Import a BCF/VCF file as PopData

vcf(infile::String; rename_loci::Bool, silent::Bool, allow_monomorphic::Bool)
bcf(infile::String; rename_loci::Bool, silent::Bool, allow_monomorphic::Bool)

PopGen.jl provides the commands vcf and bcf to import a variant call format files into PopData. The reader also accepts files that are gzipped.

Arguments

  • infile::String : path to file, in quotes. must end in .gz if gzipped

Keyword Arguments

  • rename_loci::Bool: whether to simplify loci names to snp_# (default: false)
  • allow_monomorphic::Bool : whether to keep monomorphic loci (default: false)
  • silent::Bool : whether to print file information during import (default: false)

Example

cabbage = bcf("/home/data/nappa_cabbage.bcf", rename_loci = true, silent = true)
potato = vcf("/home/data/russet_potatoes.vcf.gz", allow_monomorphic = true)

Mixed-Ploidy data

In the event your variant call file is for mixed-ploidy data (where ploidy is not the same across all samples, e.g.

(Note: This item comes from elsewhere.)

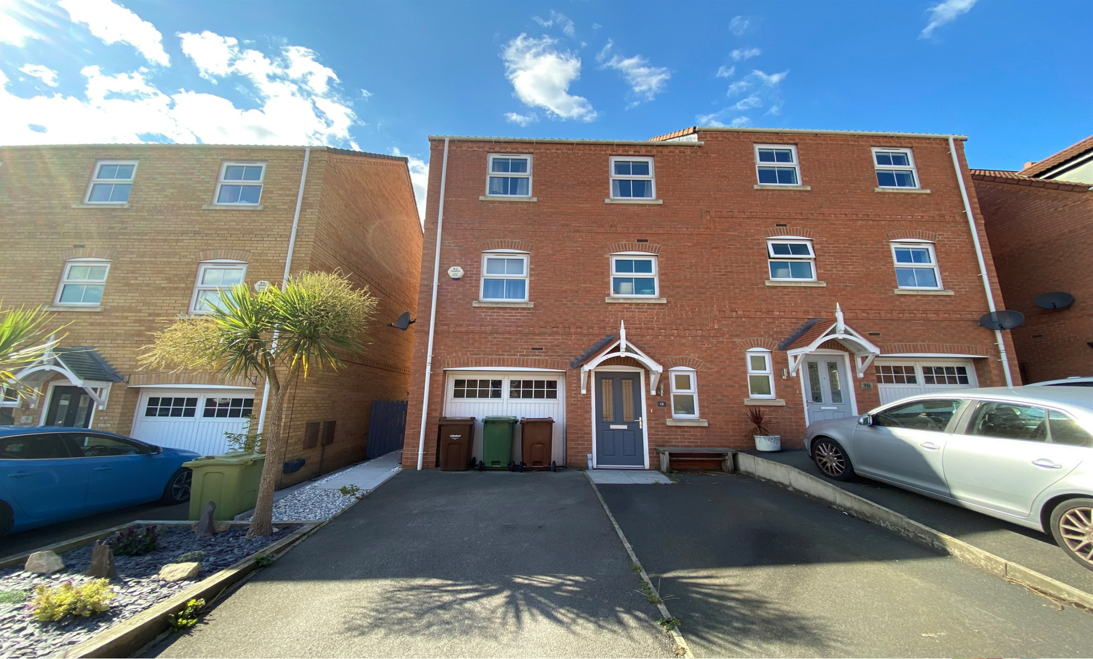
Springfield Rise, Lofthouse Wakefield WF3 3FP

PoolSeq), you will need to perform an additional step after reading in your data as PopData to convert the .genodata.genotype column into a GenoArray:

julia> mydata = bcf("path/to/file.bcf", silent = true, rename_loci = true) ;

julia> mydata.genodata.genotype = mydata.genodata.genotype |> Array{Union{Missing, NTuple}}
WIP

The extra step required by mixed-ploidy data is a work in progress. Feel free to submit a PR if you have ideas!

Format

Variant Call Format files follow a format standard, and while there is some wiggle-room for optional values, PopGen.jl only requires the core/mandatory components of a BCF/VCF, meaning problems should hopefully not arise regardless of which variant caller you are using (although we use Freebayes ourselves). Please open an issue if they do, or reach out to us on the community Slack.

Allele encodings

When converting to PopData, the nucleotides will be recoded according to the table below. Note that this system differs slightly from how PGDSpider2 recodes alleles (the 3 and 4 are switched).

BaseATCG
Allele1234
VCF Filtering

Keep in mind, BCF/VCF files need to be filtered before importing them into PopGen.jl. There is no and will be no VCF-filtering functionality to this package, as it is outside of the purpose of PopGen.jl. Refer to vcftools, bcftools, and vcflib to filter your sequence data.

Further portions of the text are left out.